The report reveals that 222,134 farmers grew 239,787 metric tons of organic cotton globally – slightly less than the record harvest in 2009/10 just before the financial crash prompted a dramatic decline.
Organic cotton was grown on 418,935 hectares of land in 19 countries in 2018/19. And another 55,833 hectares of cotton-growing land were in the process of being converted to organic production.
The 2020 report also includes insights from industry professionals about current projects, challenges and visions for the organic cotton sector, with a particular focus on the dual threats of COVID-19 and climate change.
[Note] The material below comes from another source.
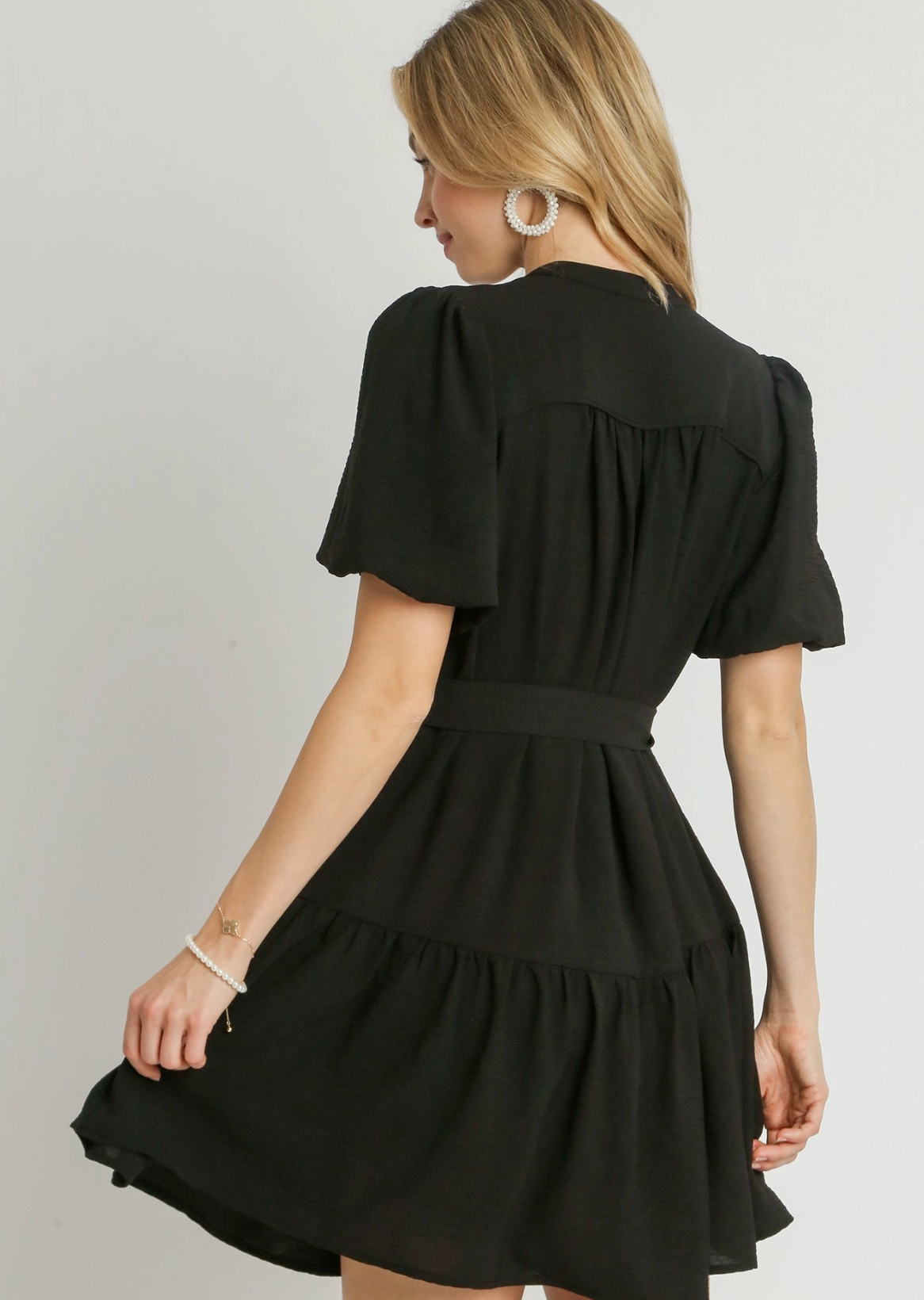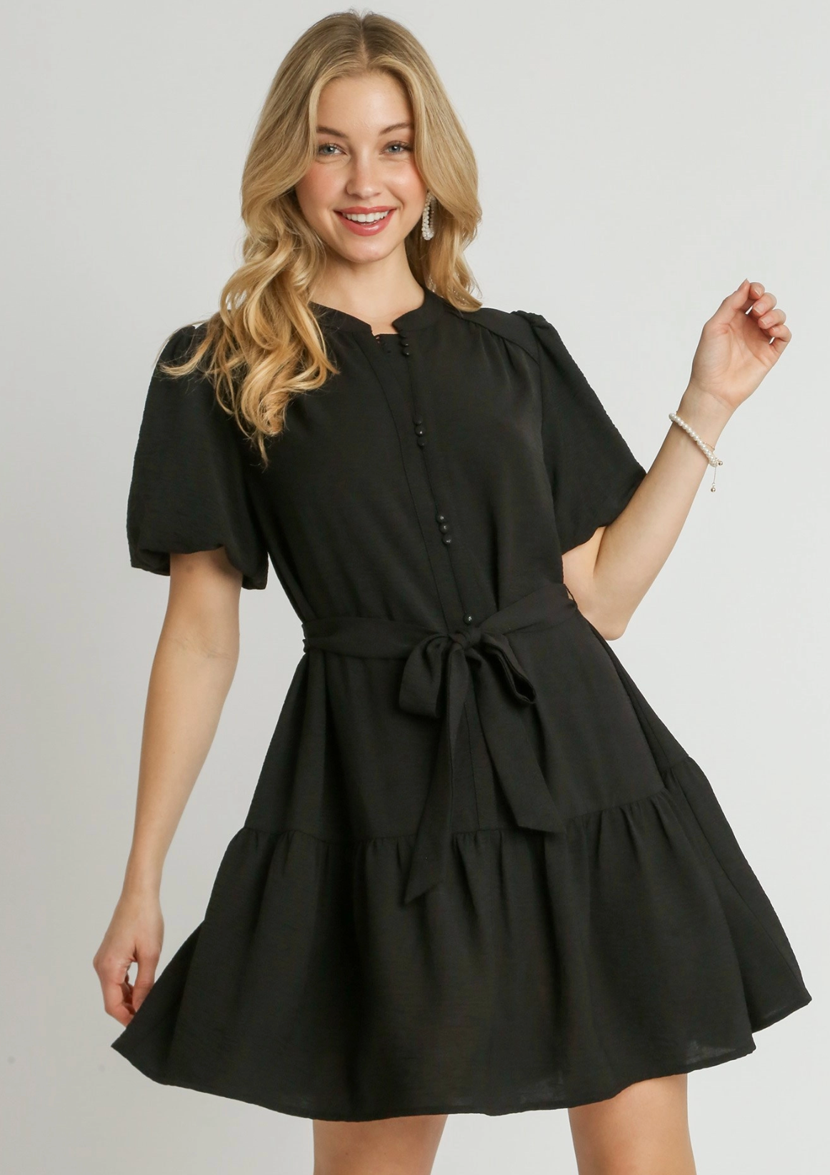 This mini dress combines timeless elegance with modern flair. The gathered button neckline adds sophisticated detail, while pleated accents create dimension and movement. Puff sleeves bring a touch of romance, and the waist tie cinches your silhouette for a flattering, defined look. A versatile piece that works beautifully for brunch, date night, or weekend adventures.

Textile Exchange managing director La Rhea Pepper, a life-long organic cotton farmer, said: “Organic farming is a way of living in harmony with the land and is a way to honour life – life in the soil for the farm, for the family, for the community, and ultimately for the world.
“In times like the COVID-19 pandemic, we are reminded just how connected we are to each other – we are an ecosystem, and what we do impacts the whole.”
Textile Exchange, which works to accelerate sustainable practices in the textile value chain, said the number of growers and companies investing in meeting globally recognised, credible, third-party standards on organic cotton had also increased.
Facilities certified to the Organic Content Standard (OCS) grew by 48 per cent, while those meeting the requirements of the Global Organic Textile Standard (GOTS) grew by 35 per cent.
The 2020 report showed that 97 per cent of global organic cotton was produced in seven countries in 2018/19: India (51 per cent), China (17 per cent), Kyrgyzstan (10 per cent), Turkey (10 per cent), Tajikistan (five per cent), Tanzania (two per cent), and the USA (two per cent).
Of the 55,833 hectares of land in-conversion to organic, India and Pakistan led the way, followed by Turkey, Greece, and Tajikistan.
Before the COVID-19 pandemic, organic cotton production was expected to grow by a further 10 per cent in 2019/20. However, Textile Exchange expects the global crisis will impact on the harvest.